Apesar dos percalços, é preciso ter a
história como ferramenta de luta e
conscientização, aponta o dirigente dos metalúrgicos:
“As novas gerações que estão entrando do mercado de trabalho hoje não têm
a noção para que serve o sindicato. Qual a importância do movimento sindical na
época, na vida do trabalhador, principalmente brasileiro. Não sabe que as
conquistas que têm hoje, os
benefícios foram conquistas de alguém que participou da luta sindical.
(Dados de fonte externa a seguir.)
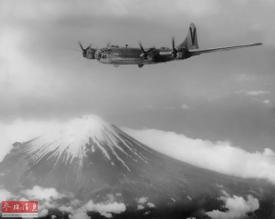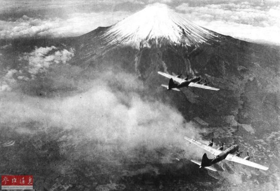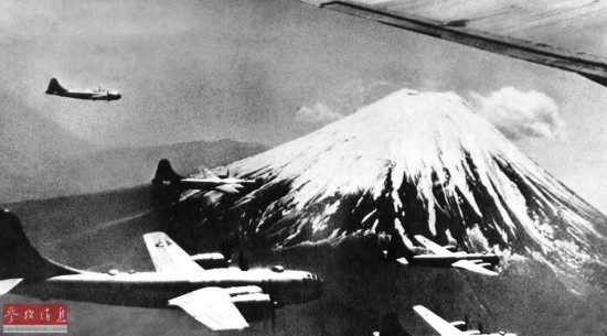 ?图为1945年,飞越富士山的B-29机群,由于目标明显,富士山是当年美军空袭编队的理想集结点。
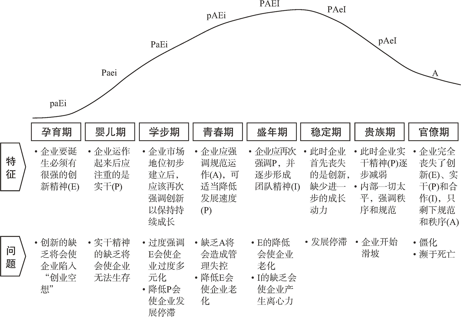 这四个因素可以简称为PAEI,它们共同作用,推动企业在生命周期中前进。PAEI在生命周期各阶段有着不同的分布,在某一阶段会突出其中的某些因素,如图1-3所示。
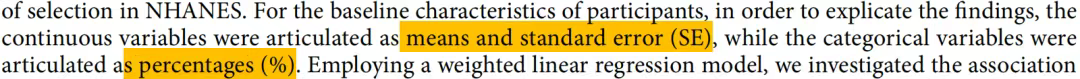 1.统计描述方法:对于参与者的基线特征,为了解释概念,连续变量以均值和标准误差(SE)表示,而分类变量以百分比(%)表示。
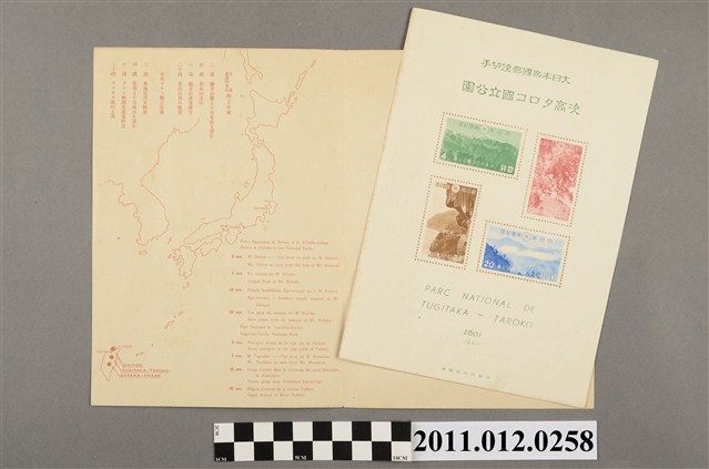 1.本物件為大日本帝國郵票,封面為米色底色,字樣為紅色,印著「大日本帝國郵便切手 臺灣大屯/次高タロコ/新高阿里山 國立公園 臺灣總督府」,內容為幾張郵票。
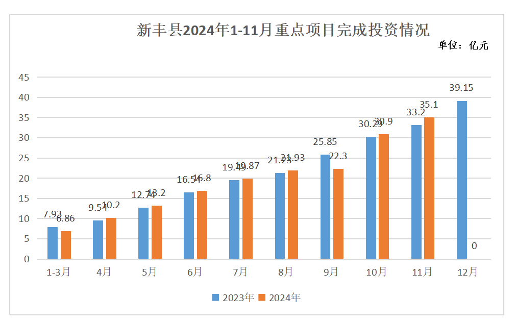 (一)重点项目进展情况。全县103个重点项目,截至10月底,已开工92个,开工率89.3%。1-11月累计完成投资35.1亿元,完成进度占年度计划投资68.8%。其中,我县牵头的23个市重点项目1-11月累计完成投资26.9亿元,完成进度为110.6%。我县牵头的3个省重点项目1-11月累计完成年度投资12.6亿元,占年度计划投资计划的105%。
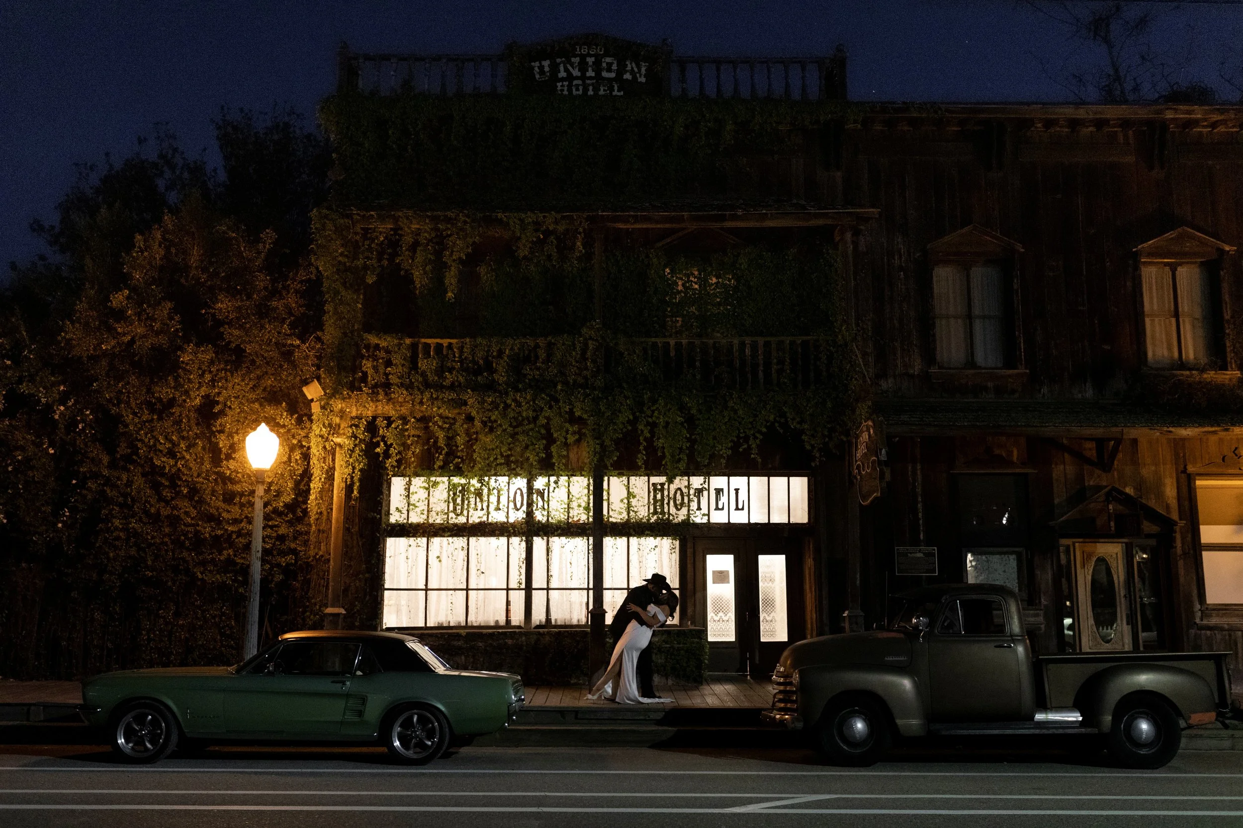 Nighttime scene in front of the Union Hotel with vintage cars parked on the street and a couple embracing on the sidewalk, illuminated by a streetlamp and inside lights.

Não
existe nada que não tenha sido fruto de reivindicação dos trabalhadores.
Nenhuma lei no Brasil, ou no mundo, não passou primeiro por uma construção, por
uma reivindicação, protesto, por uma mobilização. No movimento sindical é a
mesma coisa. O jovem não tem
noção disso. Não sabe porque tem o 13º, férias, 1/3 de férias, 40% do FGTS
[Fundo de Garantia por Tempo de Serviço], não sabe porque a jornada de trabalho é 44 e não 48 [horas].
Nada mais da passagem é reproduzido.